AFP, alpha-fetoprotein; BCLC, Barcelona Clinic Liver Center; NBNC, Non-B and Non-C; HBV, Hepatitis B Virus; HCV, Hepatitis C Virus.
Excluding mortality which occur in the first 90 days.
Excluding non-cirrhotic cases.
Statistically significant (P<0.05).
Positive resection margin is statistically insignificant in the first 90 days; however, it predisposes post-resection mortality in the 1-year subgroup (OR 3.79; 95% CI: 1.23–11.7, P=0.02), cumulative 1 year (OR 2.86; 95% CI 1.17–77.0, P=0.02) and all time (OR 7.17; 95% CI: 2.23–23.03, P<0.01). The tumour differentiation also shows consistent results, with the mortality rate increasing parallel to the histological grading (well to poor).
Survival analysis
Survival analysis (Log-Rank) using the survival duration in months found four statistically significant variables as seen in Table 4: Largest tumour diameter (P<0.01), resection margin (P<0.01), Edmondson grading (P=0.04), and tumour differentiation (P<0.01). However, the Kaplan–Meier survival curve for Edmondson’s grading found intersected lines (thus breaking the rule of proportional hazards), resulting in the removal of said variable from Cox Regression. Other variables such as age (P=0.61), assigned sex (P=0.24), aetiology (P=0.30), CP classification (P=0.18), BCLC classification (P=0.38), AFP levels (P=0.94), number of tumours(P=0.44), method of surgery (P=0.52), segments resected (P=0.66), cirrhosis (P=0.34), vascular invasion (P=0.12), and length of stay (P=0.16) do not yield significant results and thus are also omitted from Cox Regression.
Table 4.
Cox regression of hepatocellular patients post-resection
| Bivariate analysis (Log-Rank) | Multivariate analysis (cox regression)x | |||
|---|---|---|---|---|
| Parameters | χ2 (df) | P | Hazard ratio (95% CI) | P |
| Largest diameter of tumour | 21.081 (3) | 0.000* | ||
| <3 (ref.) | 1.00 | — | ||
| 3–5 cm | 2.62 (0.28–8.32) | 0.102 | ||
| 5–10 cm | 3.67 (1.19–11.34) | 0.024* | ||
| >10 cm | 6.35 (2.13–18.93) | 0.001* | ||
| Resection margin | 10.565 (1) | 0.001* | ||
| Negative margin (ref.) | 1.00 | — | ||
| Positive margin | 1.81 (1.04–3.14) | 0.035* | ||
| Tumour differention | 16.301 (3) | 0.001* | ||
| Well (ref.) | 1.00 | — | ||
| Moderate | 2.28 (0.52–9.95) | 0.271 | ||
| Moderate to poor | 4.34 (0.96–19.61) | 0.056 | ||
| Poor | 3.97 (0.90–17.49) | 0.069 | ||
*values are statistically significant.
ref. reference.
There is no sign of multicollinearity between all three variables submitted to the multivariate analysis (all variance inflation factor (VIF)<5). The Omnibus test reveals that the model is a good fit with an overall significance of P<0.01. Tumour size of greater than 10 cm yields the highest mortality risk increase (compared to the reference) with a 6.35 hazard ratio (95% CI: 2.13–18.93, P<0.01). The hazard ratio decreases stepwise for patients with 5–10 cm tumours (hazard ratio 3.67 95% CI: 1.19–11.34, P=0.02) and 3-5 cm tumours (hazard ratio 2.62 95% CI: 0.28–8.32, P=0.10).
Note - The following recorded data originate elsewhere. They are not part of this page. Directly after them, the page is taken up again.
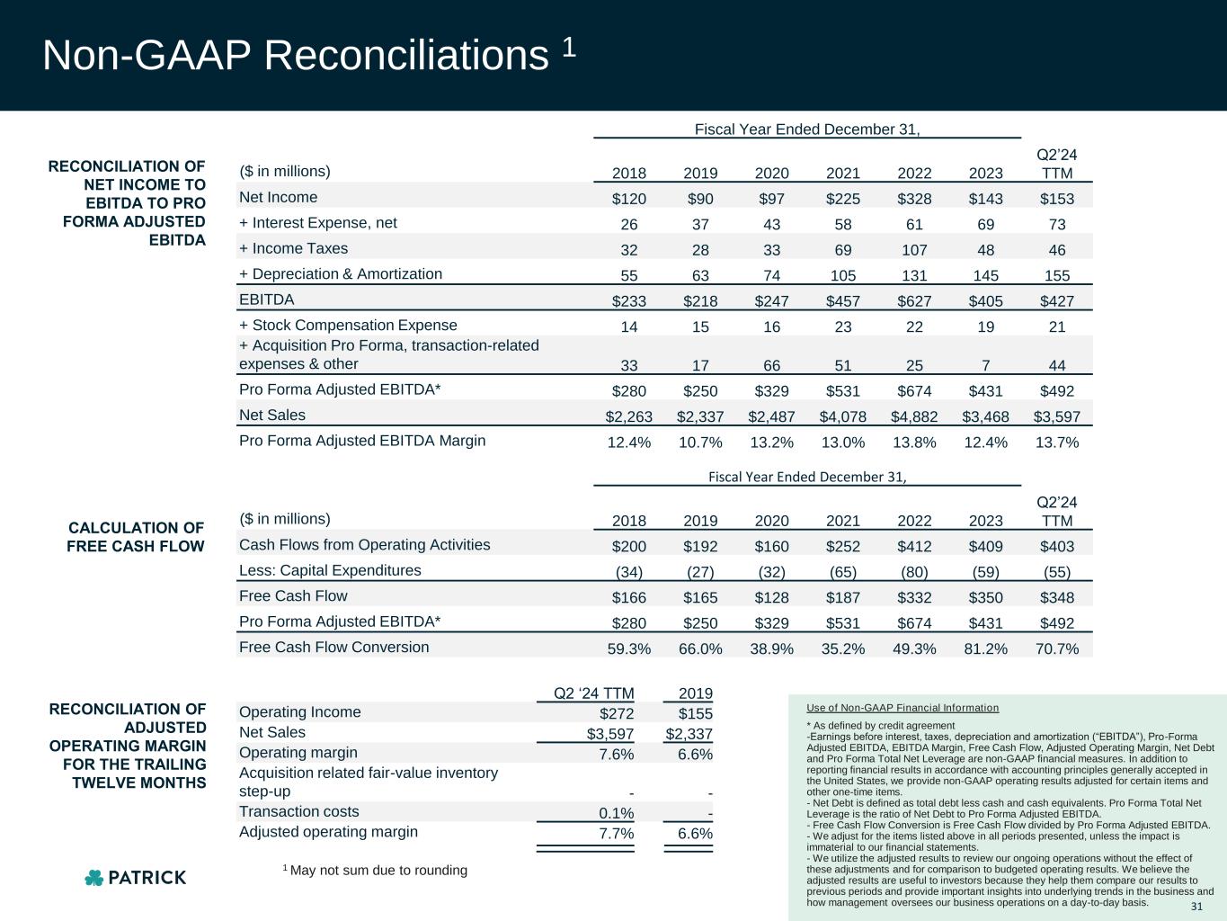 Use of Non-GAAP Financial Information * As defined by credit agreement -Earnings before interest, taxes, depreciation and amortization (“EBITDA”), Pro-Forma Adjusted EBITDA, EBITDA Margin, Free Cash Flow, Adjusted Operating Margin, Net Debt and Pro Forma Total Net Leverage are non-GAAP financial measures. In addition to reporting financial results in accordance with accounting principles generally accepted in the United States, we provide non-GAAP operating results adjusted for certain items and other one-time items. - Net Debt is defined as total debt less cash and cash equivalents. Pro Forma Total Net Leverage is the ratio of Net Debt to Pro Forma Adjusted EBITDA. - Free Cash Flow Conversion is Free Cash Flow divided by Pro Forma Adjusted EBITDA. - We adjust for the items listed above in all periods presented, unless the impact is immaterial to our financial statements. - We utilize the adjusted results to review our ongoing operations without the effect of these adjustments and for comparison to budgeted operating results. We believe the adjusted results are useful to investors because they help them compare our results to previous periods and provide important insights into underlying trends in the business and how management oversees our business operations on a day-to-day basis. Non-GAAP Reconciliations 1 RECONCILIATION OF NET INCOME TO EBITDA TO PRO FORMA ADJUSTED EBITDA Fiscal Year Ended December 31, ($ in millions) 2018 2019 2020 2021 2022 2023 Q2’24 TTM Net Income $120 $90 $97 $225 $328 $143 $153 + Interest Expense, net 26 37 43 58 61 69 73 + Income Taxes 32 28 33 69 107 48 46 + Depreciation & Amortization 55 63 74 105 131 145 155 EBITDA $233 $218 $247 $457 $627 $405 $427 + Stock Compensation Expense 14 15 16 23 22 19 21 + Acquisition Pro Forma, transaction-related expenses & other 33 17 66 51 25 7 44 Pro Forma Adjusted EBITDA* $280 $250 $329 $531 $674 $431 $492 Net Sales $2,263 $2,337 $2,487 $4,078 $4,882 $3,468 $3,597 Pro Forma Adjusted EBITDA Margin 12.4% 10.7% 13.2% 13.0% 13.8% 12.4% 13.7% 1 May not sum due to rounding Fiscal Year Ended December 31, ($ in millions) 2018 2019 2020 2021 2022 2023 Q2’24 TTM Cash Flows from Operating Activities $200 $192 $160 $252 $412 $409 $403 Less: Capital Expenditures (34) (27) (32) (65) (80) (59) (55) Free Cash Flow $166 $165 $128 $187 $332 $350 $348 Pro Forma Adjusted EBITDA* $280 $250 $329 $531 $674 $431 $492 Free Cash Flow Conversion 59.3% 66.0% 38.9% 35.2% 49.3% 81.2% 70.7% CALCULATION OF FREE CASH FLOW Q2 ‘24 TTM 2019 Operating Income $272 $155 Net Sales $3,597 $2,337 Operating margin 7.6% 6.6% Acquisition related fair-value inventory step-up - - Transaction costs 0.1% - Adjusted operating margin 7.7% 6.6% RECONCILIATION OF ADJUSTED OPERATING MARGIN FOR THE TRAILING TWELVE MONTHS 31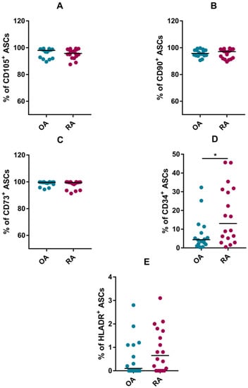 Figure 1. Phenotype of ASCs from RA and OA patients. Plots demonstrate the percentages of RA- and OA-ASCs expressing a given surface protein: CD105 (A), CD90 (B), CD73 (C), CD34 (D), HLADR (E). Results are shown as single values (dots) and medians (line). A p value is expressed as follows: 0.05 > p > 0.01 as *.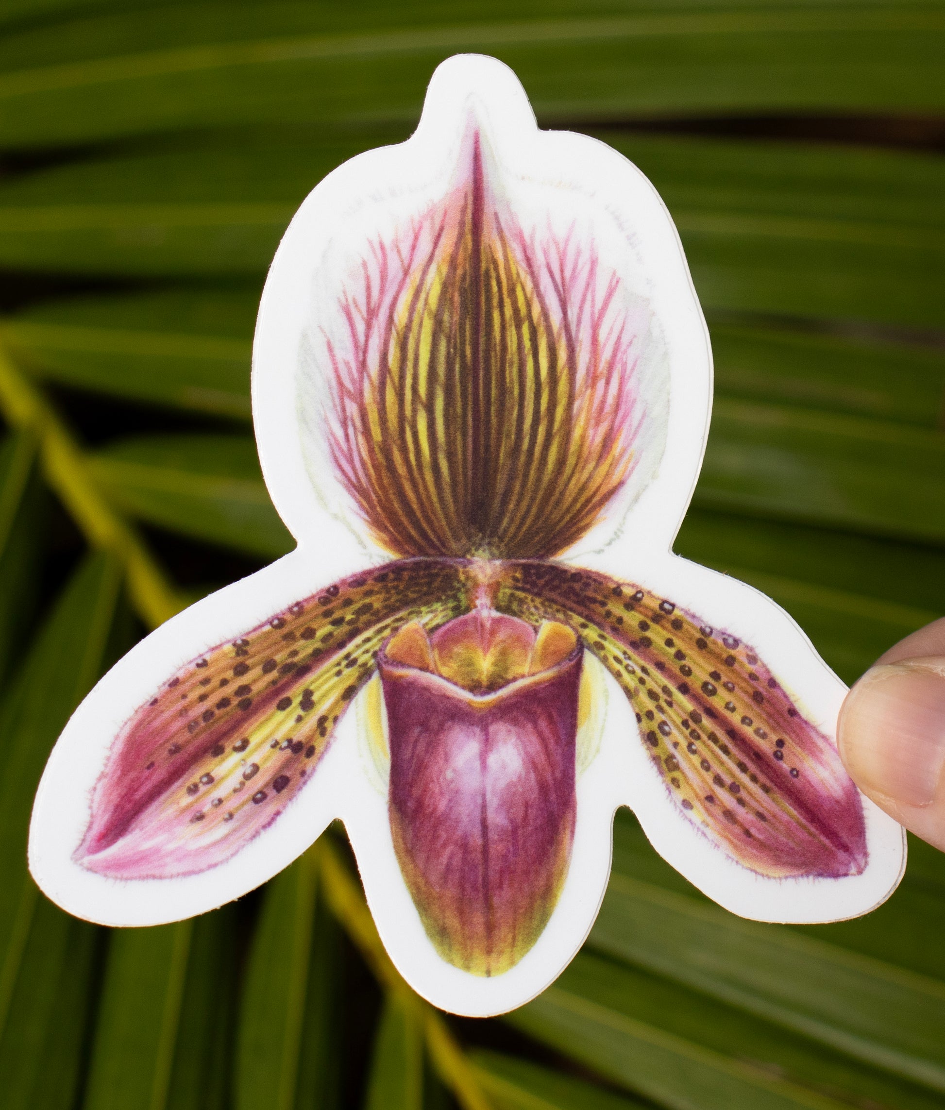A sticker of a Paphiopedilum Colbert slipper orchid flower. Made from durable clear waterproof vinyl.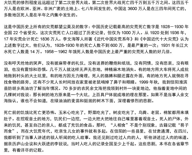 1958年至1961年死于饥荒的3500万至4000万中国人进行了细致入微的描写,这种以编年体呈现的描写无可辩驳。这本书给出了执政党――中国共产党长期以来都想要掩盖的那场悲剧中的细节。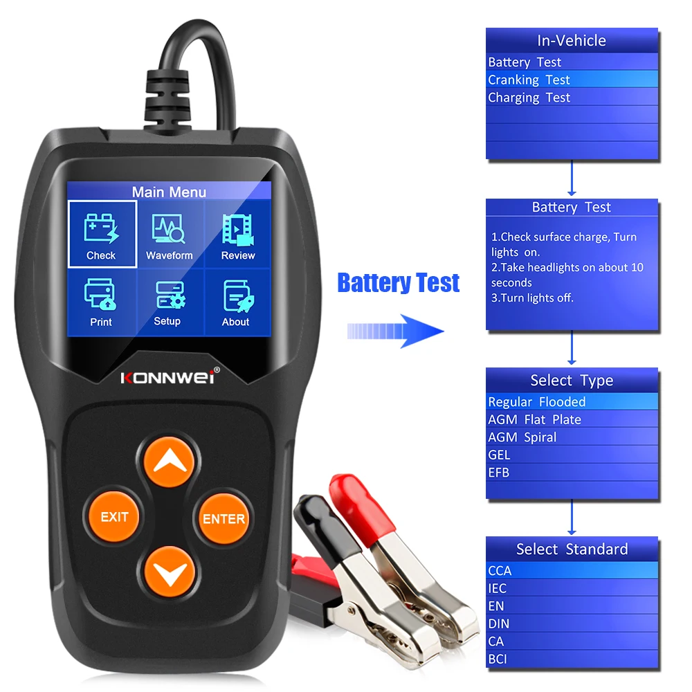 Автомобильный анализатор батареи KONNWEI KW600 12V работает гораздо быстрее и точнее, чем другие тестеры. Первоклассный STM-32 основной чип и с высоким уровнем точный усилитель откалиброван профессиональные устройства доставить вам надёжное результатов за считанные секунды!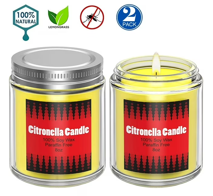 CITRONELLA CANDLES SET 2, 2 X 8 OZ EACH SCENTED CANDLE NATURAL SOY WAX, OUTDOOR AND INDOOR,50 HOURS BURN TIME, 2 PACK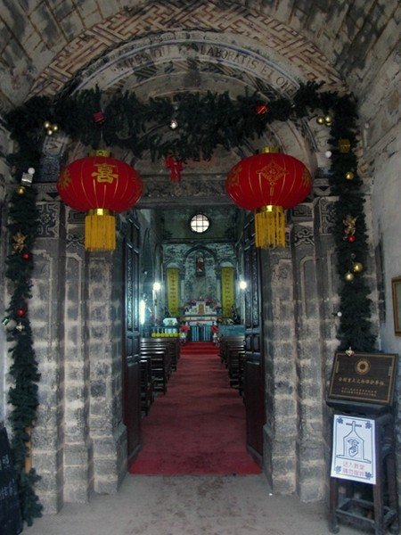 仰头可以看到高高的教堂主体墙,进入教堂前竟然要先通过一个中式建筑风格的大门,而这个大门上竟然挂着大红灯笼、帖着春联。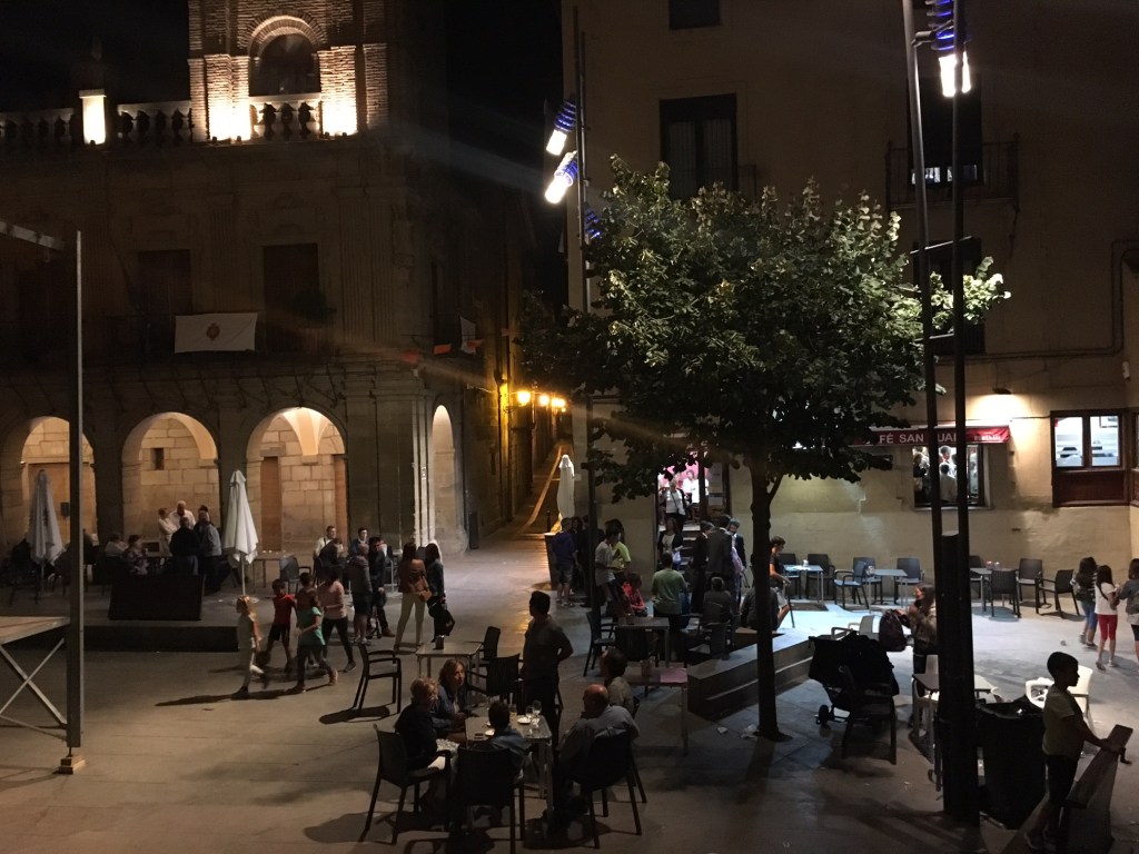 I walked into the plaza to fill my bottle at a fountain and took a moment to observe the streets, so empty that afternoon and so full tonight of drinkers and waiters and families and kids climbing on a stage and kicking footballs and dogs chasing each other. Even an effigy of the infamous Cesare Borgia, killed in this very spot centuries ago and buried under the thoroughfare rather than in a proper crypt, stood in the crowds, included.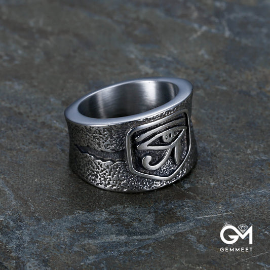 Boiled Black Polished Ancient Egyptian Eye of Horus Ring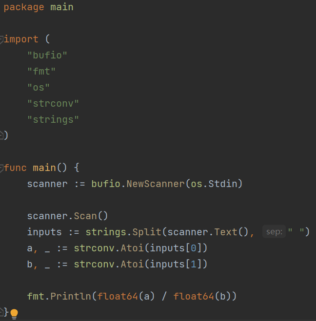 fmt.Println(float64(a) / float64(b))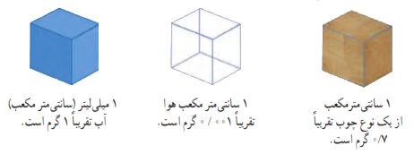 شکلهای زیر جرم یک سانتیمتر مکعب از چند مادۀ متفاوت را نشان میدهند: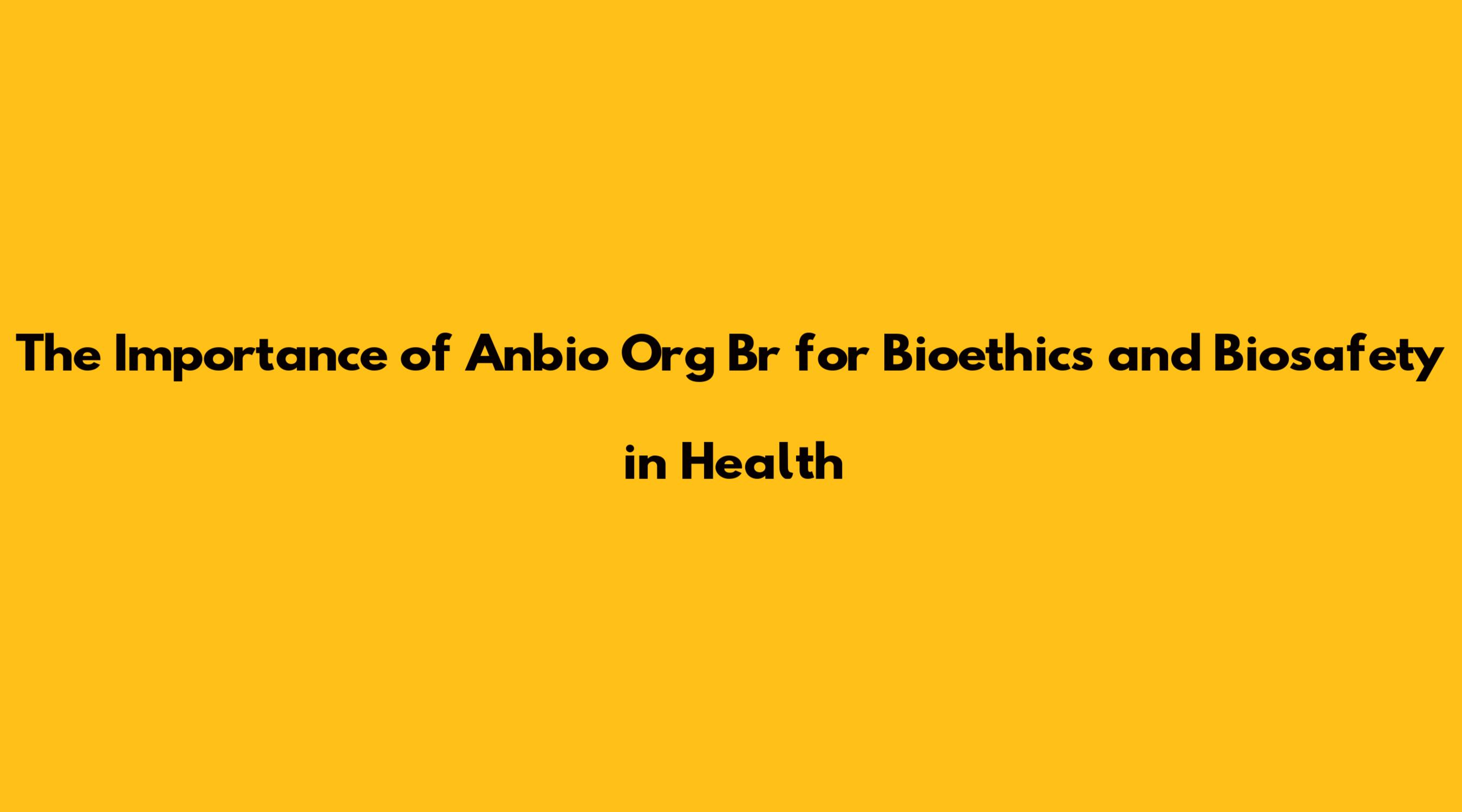 The Importance Of Anbio Org Br For Bioethics And Biosafety In Health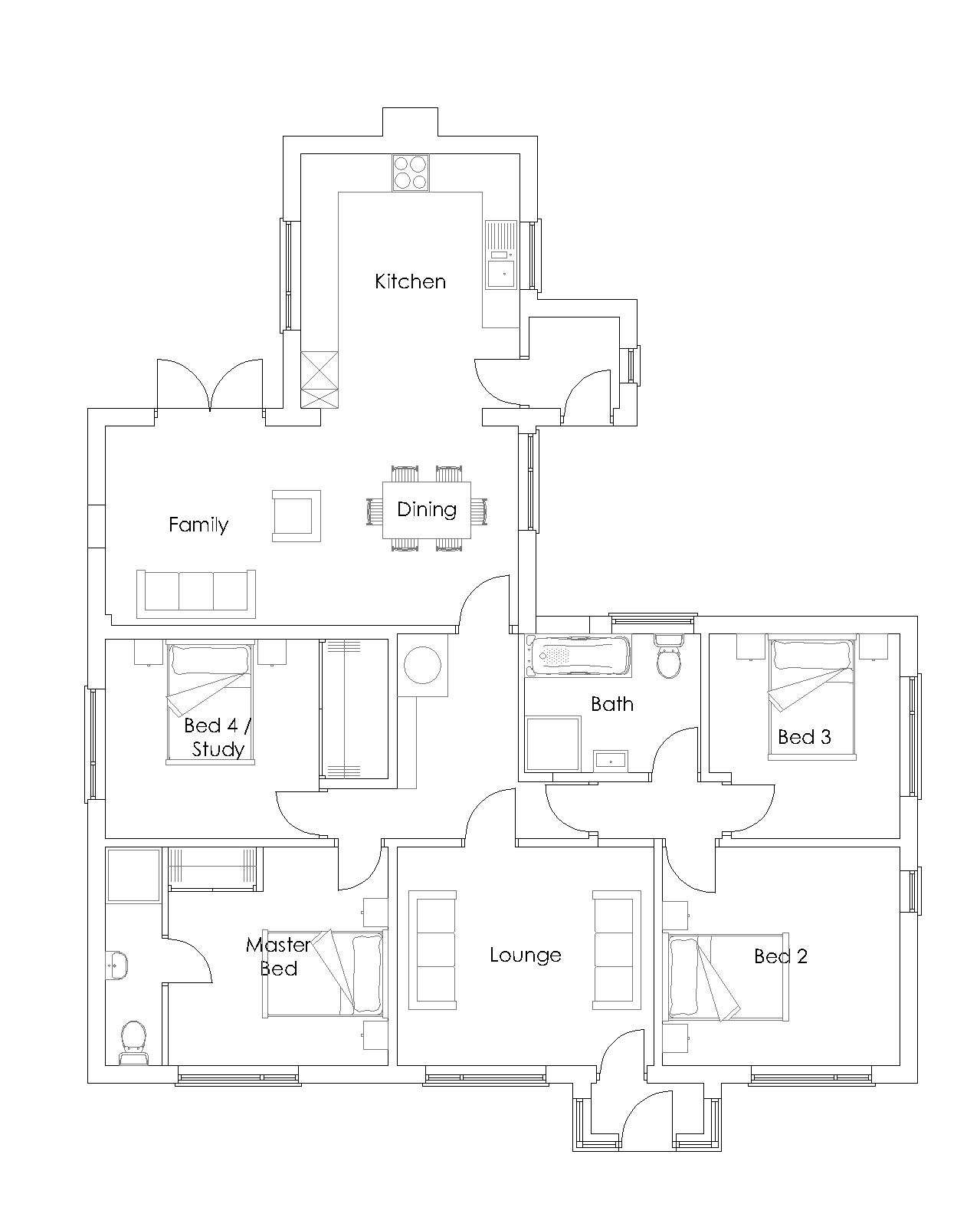 The stylish, L-shaped Brampton bungalow, with its crisp white rendering, occupies a generous plot adjacent to the park. This comfortable and beautifully-designed home, deal for a family or for those who’d simply like more space, comprises: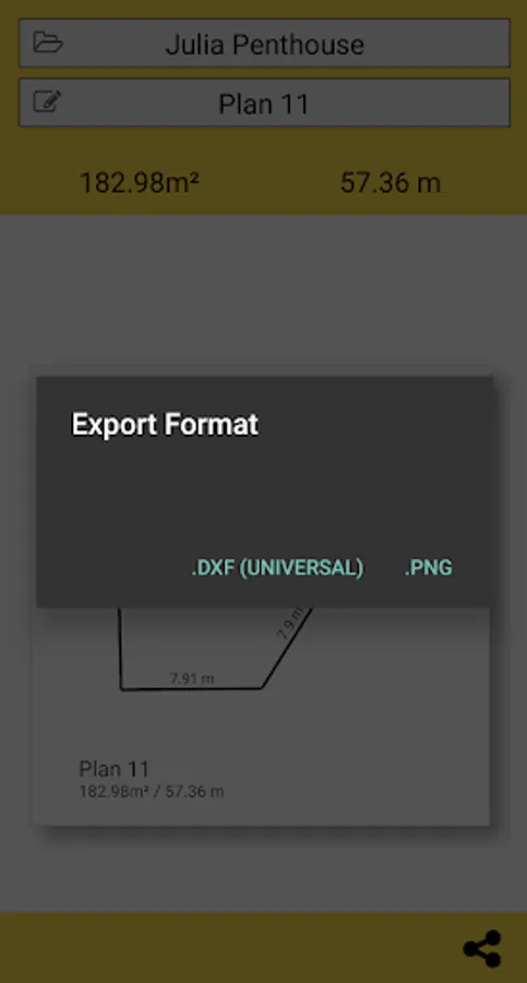 The tape measure can be used to make horizontal and vertical measurement as with a ruler. Trace a 2D plan and export it in 3D format (dxf).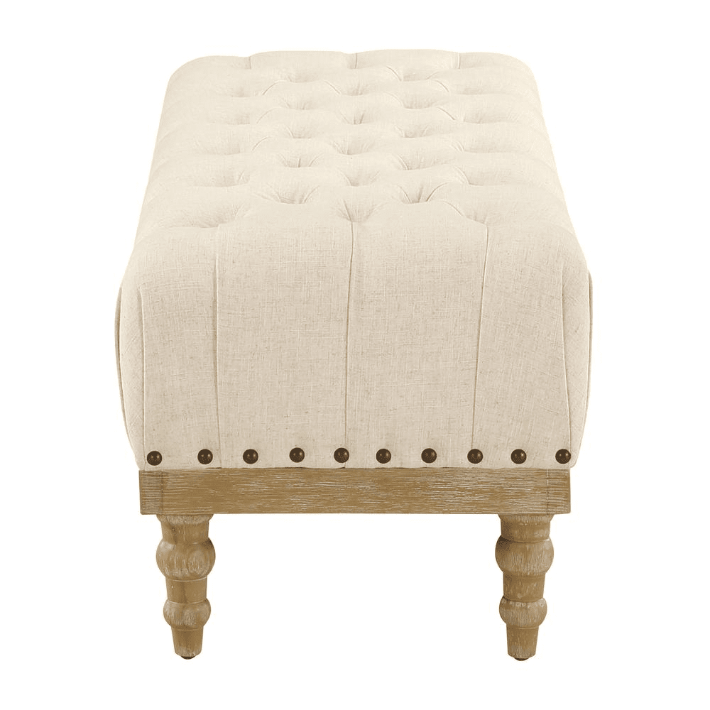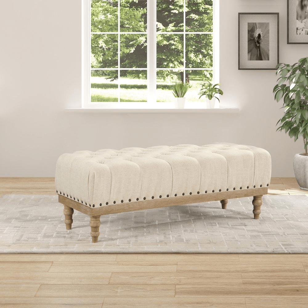 Welcome guests with elegance using the indoor ottoman Bench, featuring a button-tufted seat and classic turned legs. Perfect for framing your dining table or enhancing your guest room, this bench combines style with function. Its nailhead trim and dark-finished solid wood legs add sophistication while providing extra seating. Easy to assemble with simple leg attachment, it’s the ideal finishing touch in classic cottage style for your home.

Another statistically significant result is a positive resection margin with a 1.81 times risk increase (95% CI: 1.04–3.14, P=0.04) compared to those with a negative margin at any given time point. The tumour differentiation is statistically insignificant.
Discussion
In this cohort study, we found that most HCC patients undergoing resection are middle-aged males with chronic Hepatitis B. Patients undergoing liver resection have better clinical parameters (Child-Pugh class) than those undergoing all treatment modalities4. This finding is reflected in the mortality rate; patients undergoing all treatment modalities have an overall worse mortality rate4. However, mortality rates found in this paper are still high, worse than those found in other Asian countries (46–69.5% 5-year mortality rate)21. This difference in mortality rate may be caused by a larger portion of cases in this paper having large (>5 cm) or multiple tumours, possibly due to the long waiting time22.
We found that the largest diameter of the tumour, number of segments resected, and tumour differentiation are statistically significant predictive factors for postoperative (90 days) mortality. In addition, the largest diameter of the tumour, positive resection margin, histopathological grading (Edmondson’s), and tumour differentiation are statistically significant independent predictive factors for cumulative 1-year and all-time mortality. Interestingly, only the surgical margins are statistically significant in our 1-year analysis if mortalities that happened during the first 90 days are removed. This shows the huge impact the first 90 days have on overall survival.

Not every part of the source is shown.